#### Excerpted data ####
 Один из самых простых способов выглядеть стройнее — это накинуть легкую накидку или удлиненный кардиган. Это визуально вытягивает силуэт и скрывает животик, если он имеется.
####
#### Excerpted data ####
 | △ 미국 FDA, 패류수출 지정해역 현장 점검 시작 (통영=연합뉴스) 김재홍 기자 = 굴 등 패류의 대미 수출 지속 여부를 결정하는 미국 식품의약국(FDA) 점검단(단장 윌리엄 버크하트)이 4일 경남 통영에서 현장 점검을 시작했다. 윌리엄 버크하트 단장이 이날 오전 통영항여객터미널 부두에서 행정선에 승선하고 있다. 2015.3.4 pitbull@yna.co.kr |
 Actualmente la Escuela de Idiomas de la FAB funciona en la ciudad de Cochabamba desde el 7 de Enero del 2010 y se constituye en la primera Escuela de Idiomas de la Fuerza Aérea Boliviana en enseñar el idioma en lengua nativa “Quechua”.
####
Task statement
Look back at the entries above and repeat, unchanged, every line from the line holding "2015.3.4 pitbull@yna.co.kr |" through the line holding "Actualmente la Escuela".

Solution
 | △ 미국 FDA, 패류수출 지정해역 현장 점검 시작 (통영=연합뉴스) 김재홍 기자 = 굴 등 패류의 대미 수출 지속 여부를 결정하는 미국 식품의약국(FDA) 점검단(단장 윌리엄 버크하트)이 4일 경남 통영에서 현장 점검을 시작했다. 윌리엄 버크하트 단장이 이날 오전 통영항여객터미널 부두에서 행정선에 승선하고 있다. 2015.3.4 pitbull@yna.co.kr |
 Actualmente la Escuela de Idiomas de la FAB funciona en la ciudad de Cochabamba desde el 7 de Enero del 2010 y se constituye en la primera Escuela de Idiomas de la Fuerza Aérea Boliviana en enseñar el idioma en lengua nativa “Quechua”.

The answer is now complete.